The Barabbas error also depicts human frailty seen in the manipulation of the masses by their leaders in an unjust cause. The Gospel writers reveal that the people’s choice of Barabbas was not just theirs but resulted from the urgings and incitement of their religious leaders. Their leaders felt threatened by Jesus’ popularity with the people and his exposure of their logical fallacies and religious double standards. For example, the Pharisees objected to Jesus’ healing on the Sabbath, deeming it to be a violation of its sanctity, but felt no qualms about untying a donkey for watering or rescuing a trapped sheep on the Sabbath day (Matt. 12:9-11). Their hatred of Jesus assigned them the illogical position that a sheep was more valuable than a human being and blinded them to the greater work that he did, even on the Sabbath. They lifted out sheep that had fallen into mud pits, but Jesus lifted souls that had fallen into pits of hopelessness. They did the great work of watering donkeys, but Jesus did the greater work of reviving dehydrated souls with the water of truth. Hence, in pondering this historical event, we are reminded that leaders (whether religious, governmental, or social) are not to be deemed great simply because of their ability to persuade many. Where the people are being led remains a vital part of how we settle the question of good leadership.

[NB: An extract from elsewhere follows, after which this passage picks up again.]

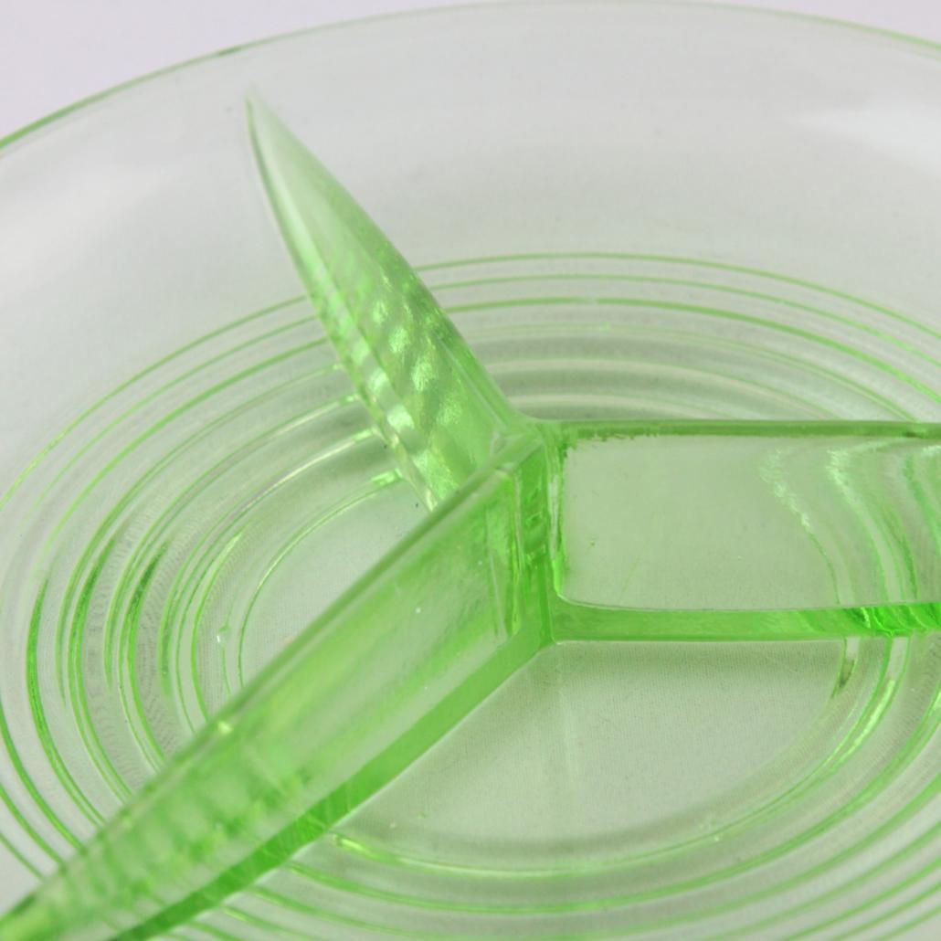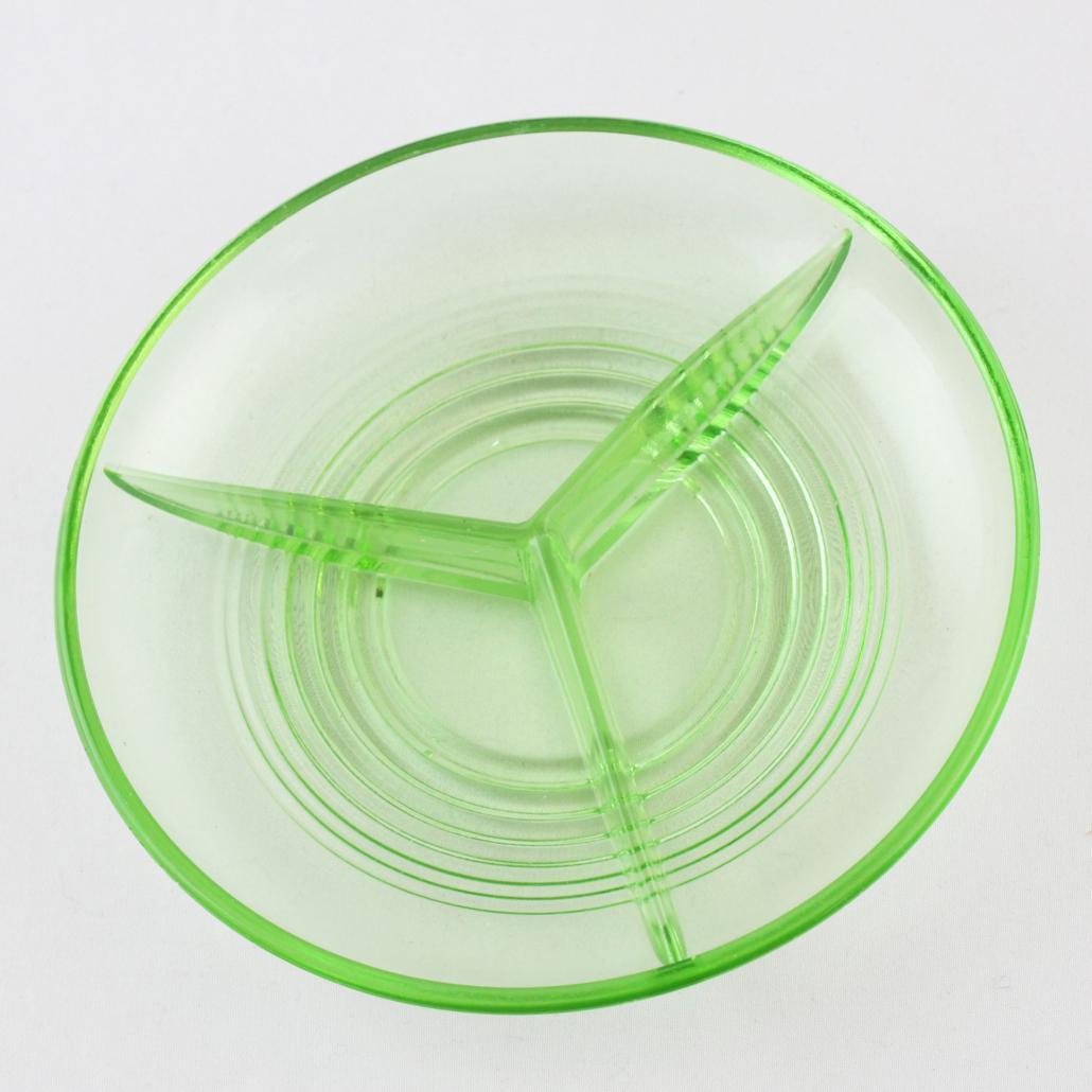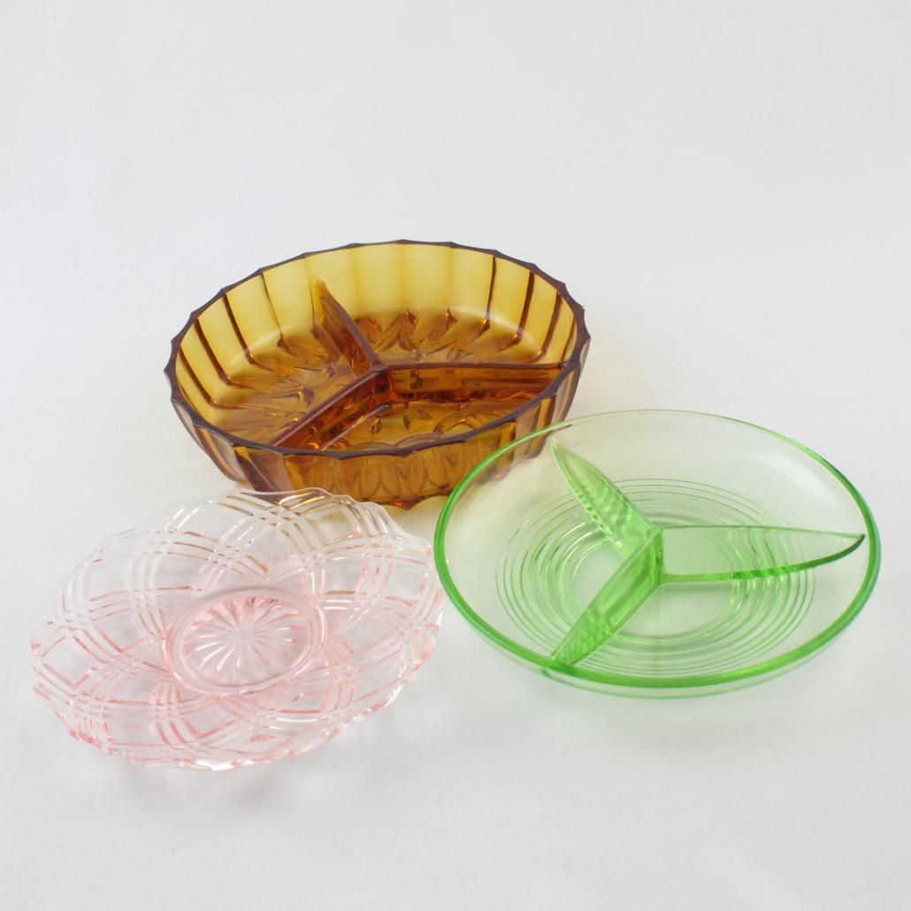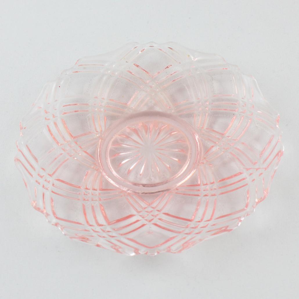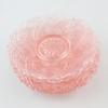 Taartschaal met zes kleine schaaltjes van prachtig roze geperst glas uit de jaren ’50.

That the Israelites were manipulated into such an egregious error also shows that the popular choice is not necessarily the right one. Their choice illustrates how easily human beings can be worked up emotionally and irrationally and used in an unjust cause. Awareness of this reality is reflected in the following words from the Torah “Do not follow the crowd in doing wrong. When you give testimony in a lawsuit, do not pervert justice by siding with the crowd” (Ex. 23:2 NIV). “Good politics” often centers in giving the people what they want, but what the people want is not in itself the definition of justice. Rather than being the standard, people must be subject to a standard of justice, truth, and morality that is higher than themselves.
Learning from history involves more than knowledge of its facts, it also requires a commitment to not repeat its errors. To avoid the Barabbas error, then, we must admit that potentially, Barabbas lives in all of us. When we read of the people’s demand for the release of Barabbas and the crucifixion of Jesus, we do not do so from the safety of spectators. In fact, we may even hold affection and admiration for the Barabbas character who is never far from us. We must also be intentional in our pursuit of, and commitment to objective truth and righteousness; since in the choice scenario, we cannot choose from resources that are not present. Finally, we must be critical in our thinking, resisting the urge to run with the crowd. An effort to be discerning and scratch beneath the surface, even into hidden motives, will help mitigate the recurrence of the Barabbas error in our time.